Genotype-Guided Comparison of Clopidogrel and Prasugrel Outcome Study (GeCCO)

The Medco Research Institute® is conducting a head-to-head study of Plavix^® (clopidogrel) and Effient^® (prasugrel) that measures how the effectiveness of these drugs in heart patients is impacted by their genetic make-up. The study will examine whether the 70 to 75 percent of patients who are “extensive metabolizers” of clopidogrel – because they were born with a normally functioning version of the CYP2C19 gene – have comparable outcomes to those patients taking prasugrel, a newer, higher cost drug with metabolism less dependent on genetic variations.

GeCCO is enrolling acute coronary syndrome patients who have been newly prescribed these drugs. The study will compare effectiveness of the two drugs by measuring the rate of cardiovascular deaths, nonfatal heart attacks and nonfatal strokes over a six-month period. Patients enrolled in the study using clopidogrel will be required to provide a saliva sample to determine if their genetic make-up allows them to metabolize the drug effectively.

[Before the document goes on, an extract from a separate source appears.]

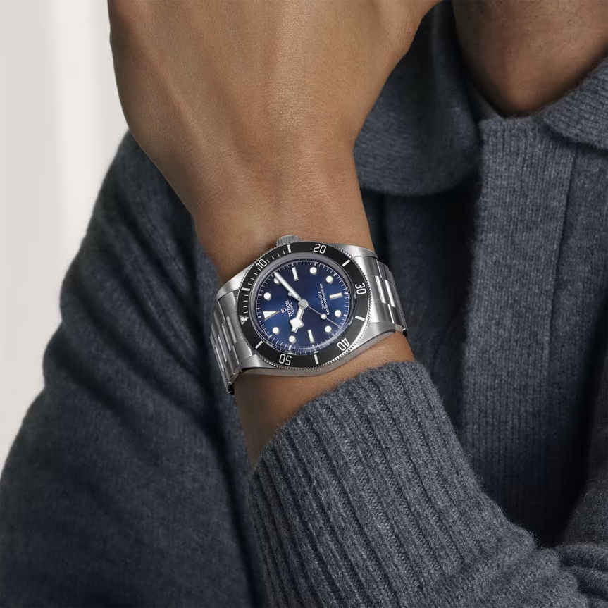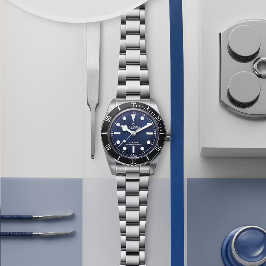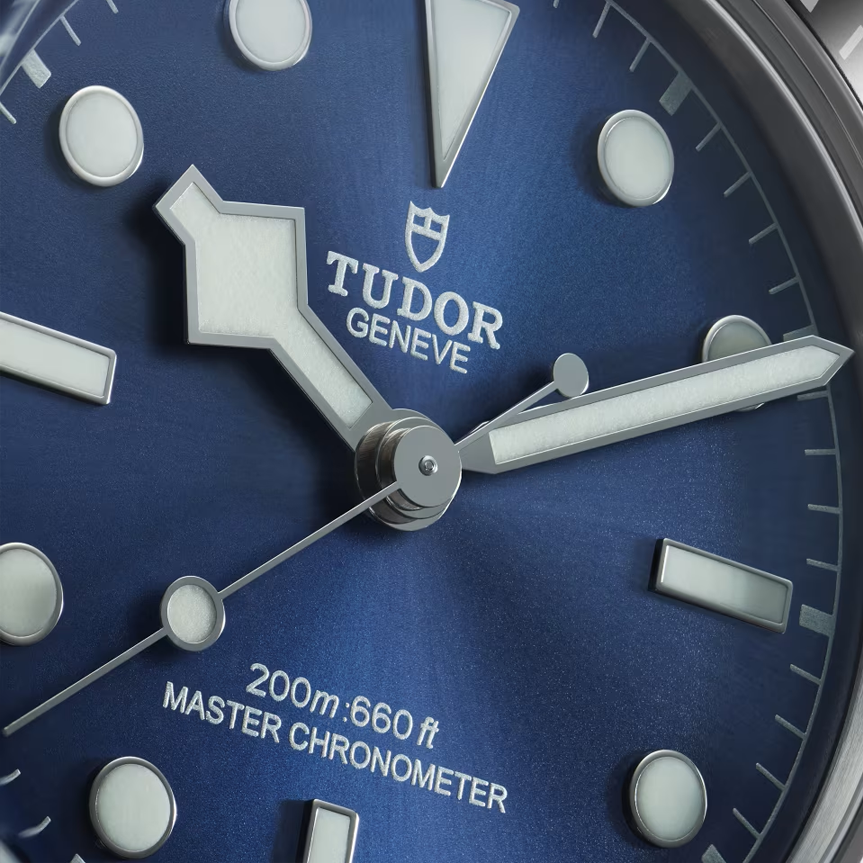 “TUDOR Blue” com acabamento sun e marcadores de horas aplicados

Patients using prasugrel will not need to use a gene test since the drug is metabolized by a different pathway that is not affected by genetic variations.

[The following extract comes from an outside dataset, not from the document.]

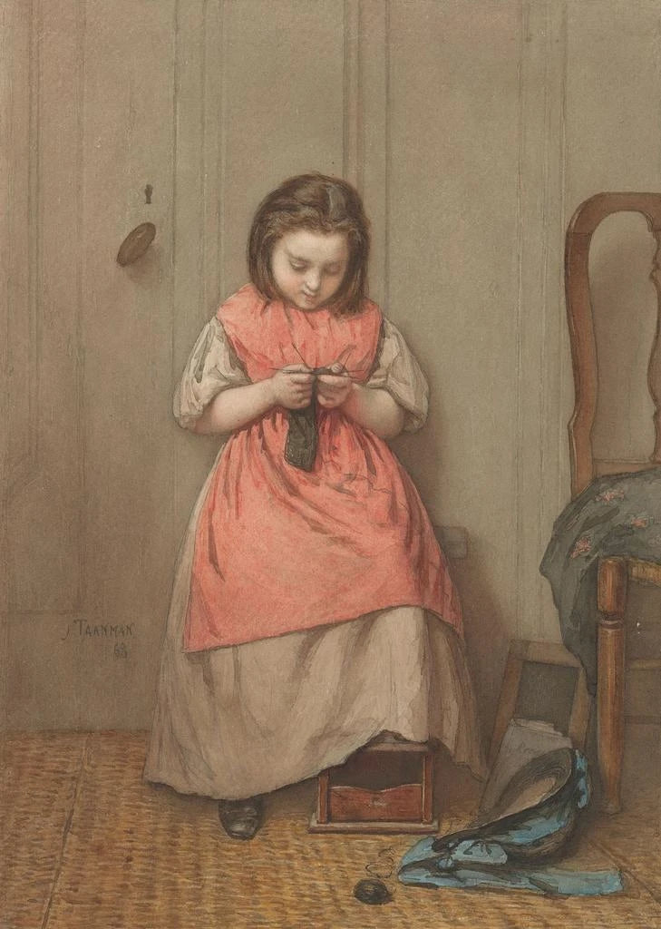 Taidetuloste | Sisätiloissa tyttö neulomassa - Jacob Taanman

About 25 percent of people worldwide are born with a version of the CYP2C19 gene that produces a cytochrome P450 2C19 enzyme that is not fully functional. This cytochrome P450 2C19 enzyme metabolizes many prescription drugs, including clopidogrel. When Plavix is broken down in the body, it produces an active form of the drug that prevents clotting by making blood platelets less likely to stick together. However, people born with a version of the gene that cannot metabolize the medication efficiently may be less responsive to it, and as a result, are more likely at risk for a major cardiovascular event including heart attack or stroke.

The label for Plavix was revised in May 2009 to provide information to prescribers about how genes like CYP2C19 can affect the action of the drug and again in March 2010 to include a black box warning concerning diminished effectiveness of Plavix in poor metabolizers. The study will also collect new information on physician action taken and clinical outcomes in the 25 to 30 percent of patients who do not extensively metabolize clopidogrel because of their CYP2C19 genotype.